When I was at InfoComm in early June, I visited the booth of a well-known pro audio manufacturer to check out its new gear. While I was getting an in-depth explanation of the latest and greatest from one of the folks I know there, someone visiting the booth interrupted us to ask about a piece of equipment. The thing was, the guy asked me and not the woman who was sharing her knowledge, who was clearly the one who worked there, complete with the company logo on her shirt.

She pointed him toward another staffer and we went on talking, but that dismissive moment stuck in my mental craw for the rest of the day, as it illustrated that no matter how many strides pro audio has made towards getting women better represented in its ranks, whether in manufacturing, the studio or live sound, it’s still a fairly guy-centric industry, often with a mindset to match.

That women aren’t well-represented in pro audio is not exactly news, but it’s one thing when this kind of discussion plays out in the pages of a specialized trade magazine like PSN; it’s another thing entirely when the topic starts to crop up in mainstream media—which is something that’s been happening in recent times.

Last fall, a Chicago Tribune article, “Women roar onstage but barely exist in the sound booth,” profiled Mary Gaffney, the audio supervisor for Chicago Public Media, using her story as a jumping-off point to explore why only an estimated 5 percent of sound engineers are women. Name-checking organizations like Soundgirls.org and Women’s Audio Mission—which are doing great things to expand women’s presence in the industry—it also quoted producer/engineer Steve Albini, who noted, “Any time you take half the people, cut half the potential participants out of a scenario, then you’re half as likely to have your chance of finding the best person for the job or finding the unique insight….”

That view was echoed some weeks later when esteemed critic Ann Powers weighed in on Ryan Adams’ cover of Taylor Swift’s 1989 album on npr.org, noting, “Women artists have, for much of the past decade, defined the face of pop, but they still aren’t trusted as custodians of its voice.” Powers may have been commenting on the performer side of things instead of the production side, but as more artists increasingly have a foot in each camp, the end result of that line of thinking can be spotted in “Pop for misfits,” a New Yorker piece profiling Grimes, a new artist signed to Jay Z’s Roc Nation who is her own producer/engineer. In the article, she remarked, “I can’t use an outside engineer, because if I use an engineer, then people start being, like, ‘Oh! That guy just did it all.’”

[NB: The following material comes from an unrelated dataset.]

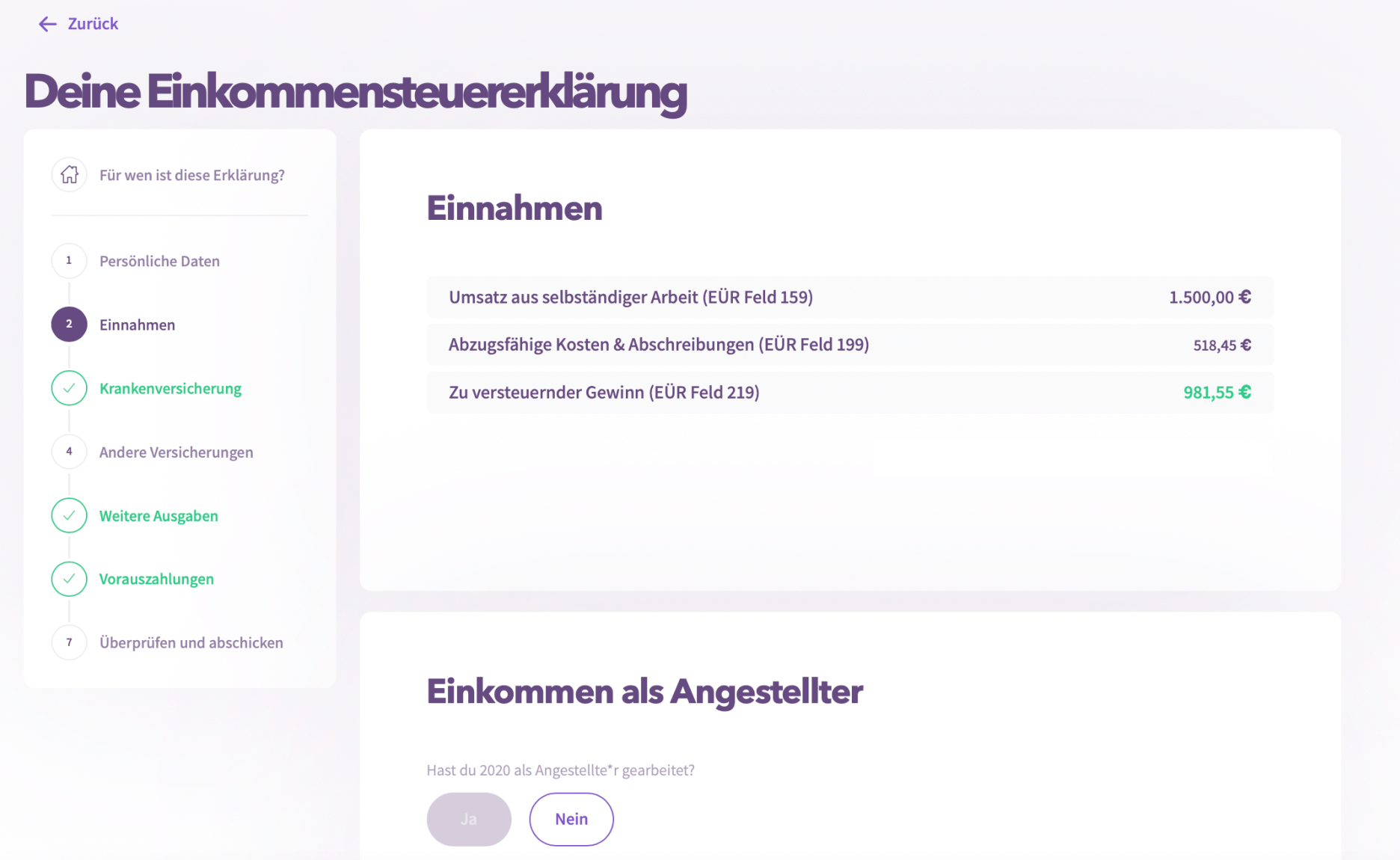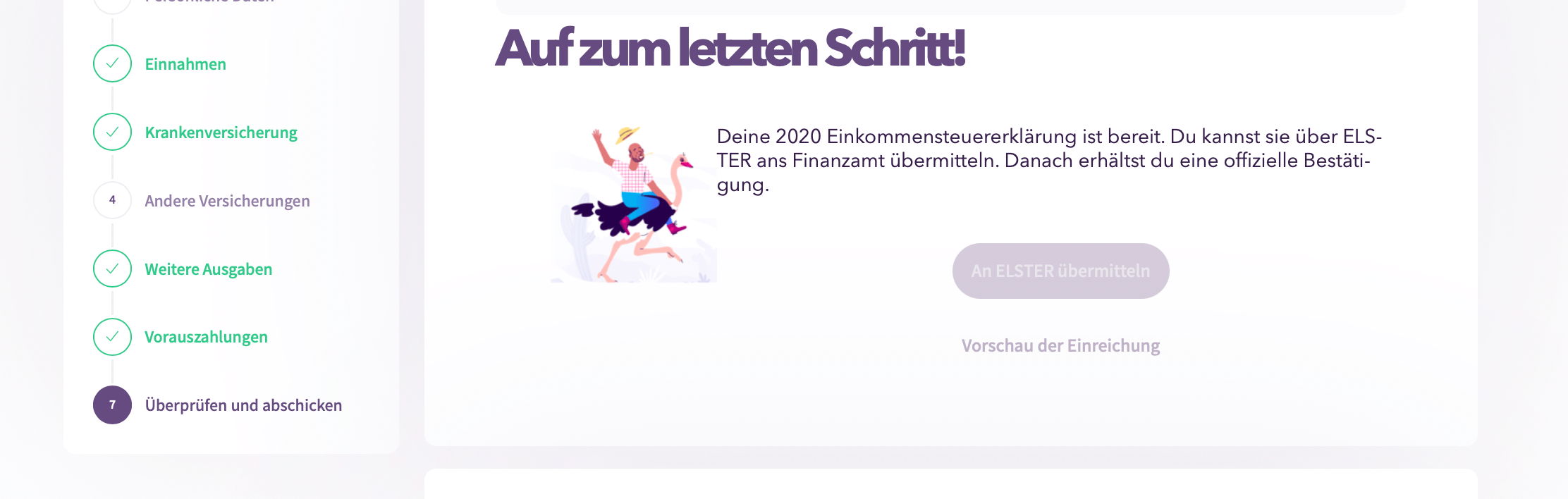 Hier kannst du Daten zu eventuellem Angestellteneinkommen, Krankenversicherung usw. angeben. Zum Schluss kommst du auch hier zur Seite "Überprüfen und abschicken", auf der du deine Einkommensteuer direkt an ELSTER übermitteln kannst. Damit hast du alles erledigt und deine gesamte Steuer für das Jahr vollständig abgeschickt!

Cynics might dismiss Grimes’s comment as a rising artist’s play to differentiate herself from the competition, invoking her studio knowledge in order to imbue an added layer of authenticity. As it happens, I think it was sincere, but more importantly, it inadvertently highlights one of the few upsides to the decline of the major studios over the last 15 years. The rise of the private/personal recording space and the increasingly lower threshold of entry to acquire gear has helped democratize (to some extent) recording so that a wider variety of people can gain the knowledge necessary to work ‘behind the glass’—even if that glass is often a computer screen these days.

Concurrent with that has been the growth of audio schools, which has surely brought more people from all walks of life into the pro audio world, as the traditional framework of schooling is likely a more broadly welcoming (and clearly delineated) environment to learn in than the loose apprentice system that the schools have largely supplanted.

For those who are already in the audio world, the Audio Engineering Society, InfoComm, NAMM and numerous other organizations have held workshops and networking events for women in pro audio for years. They’ll surely keep holding them for some time to come, too; change is underway and happening, but it’s taking its time.